Former UC Berkeley Lab Technician Dies at 78
Wednesday, February 16, 2011
Category: News > Obituaries
Former UC Berkeley lab technician Howard "Howie" Clark, iconic for his motorcycle rides with his German Shepherd, died at the Alta Bates Summit Medical Center in Berkeley on Feb. 8 due to complications from a stroke. He was 78 years old.
Described as a loving friend, radiant colleague and pure Berkeley character - complete with numerous pet dogs - Clark was a prolific figure in the 1960s to those around him, and his love for learning included memorizing the names of all the trees on the UC Berkeley campus, according to those close to him.
Clark, who grew up in Rochester, N.Y., and came to the Bay Area in the 1950s, spent about 30 years on campus as a technician in the lab of the late cell biologist Richard Strohman in the former zoology department - now known as the department of integrative biology - and retired in the 1990s.
UC Berkeley alumnus Robbie Long said he met Clark as an undergraduate in 1966 while studying history, and the two struck up a long-enduring friendship, even though Clark was 10 years his senior. Long said Clark was a campus fixture in the 1960s because of his German Shepherd, "Gully," who would follow him around campus and accompany him on motorcycle rides.
"(Clark) had a wanderer's spirit, the spirit of curiosity," Long said. "He was a troubadour, a real Paul Bunyan. He loved nature and just wanted to see the world."
Apart from spending his nights in Strohman's lab and being a true adventurer during his time at UC Berkeley, Clark served as caretaker for the Donohoe family, in particular for Maureen Donohoe, who had muscular dystrophy and who in turn looked after him just before his death. The two formed a close and special bond that lasted through the years.
"Maureen would cook for Howie, and Howie would bring her flowers." Long said. "They had had a strong connection."

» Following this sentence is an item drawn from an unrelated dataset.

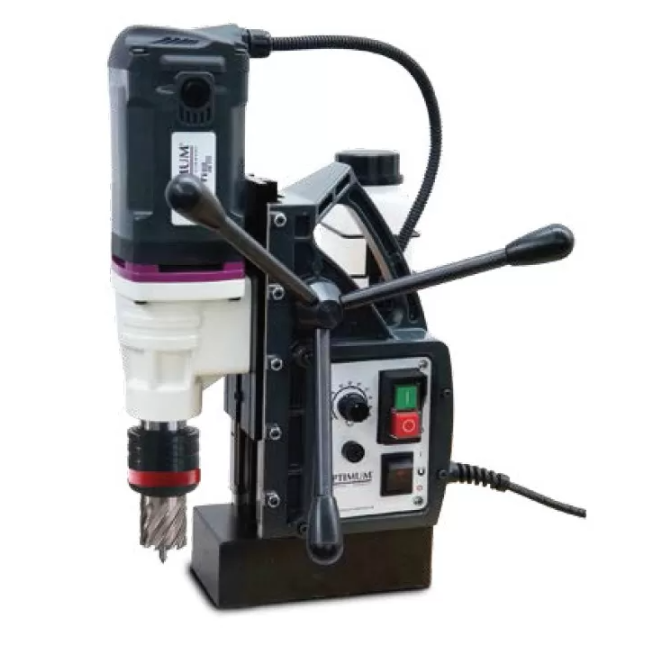 סטנד מגנטי מקצועי מבית OPTIMUM, המיועד לעבוד עם מקדחים חלולים עד קוטר 50 מ"מ. המערכת מצוידת בווסת מהירות המתכוונן בין 100 ל-670 סל"ד, ומאפשרת שליטה מלאה במהירות העבודה. המערכת כוללת מיכל נוזל קירור לשיפור ביצועי הקידוח ושמירה על טמפרטורת העבודה. כוח המגנט החזק של 15600 ניוטון מבטיח יציבות מוחלטת בזמן העבודה, כך שניתן לעבוד בצורה מדויקת ובטוחה. בנוסף, קיימת אופציה לשימוש עם מקדח קוני 13 מ"מ, בתוספת אביזרים.

Clark even taught unique classes such as mushroom hunting, Chinese astronomy and I Ching off the UC Berkeley campus, according to Long. Clark studied hundreds of different languages just because he had the opportunity and access to various libraries across campus.
"He never tried to impress people and was larger than life," Long said. "He loved to learn, but he didn't boast his knowledge that he gained while studying deeply and often."
According to long-time friend Mark McLeod, a former graduate student in the department of political science at UC Berkeley and now the executive director of the Berkeley-based Sustainable Business Alliance, Clark was adored by friends and acquaintances.
"Howie was a wonderful character (and) was widely known on campus. He enjoyed working in the (Valley Life Sciences Building) and loved the libraries and loved talking to people," McLeod said.
Clark retired at age 65 but stayed closely affiliated with the campus and was living in an apartment complex by Clark Kerr Campus before his death.
Marvalee Wake, the director of the Graduate School at the department of integrative biology, also worked with Clark during his time as a lab technician during the late 1970s.
"Everybody loved him, and he was enormously affable and helpful," Wake said. "His employment was as a technician, but he frequently sat in on courses and even learned to speak Japanese."
He is survived by his niece, Diane Smith.
"(He was) someone who really lived his life fully and got a lot more out of his life than most people usually do. It was always a pleasure to be around him," McLeod said.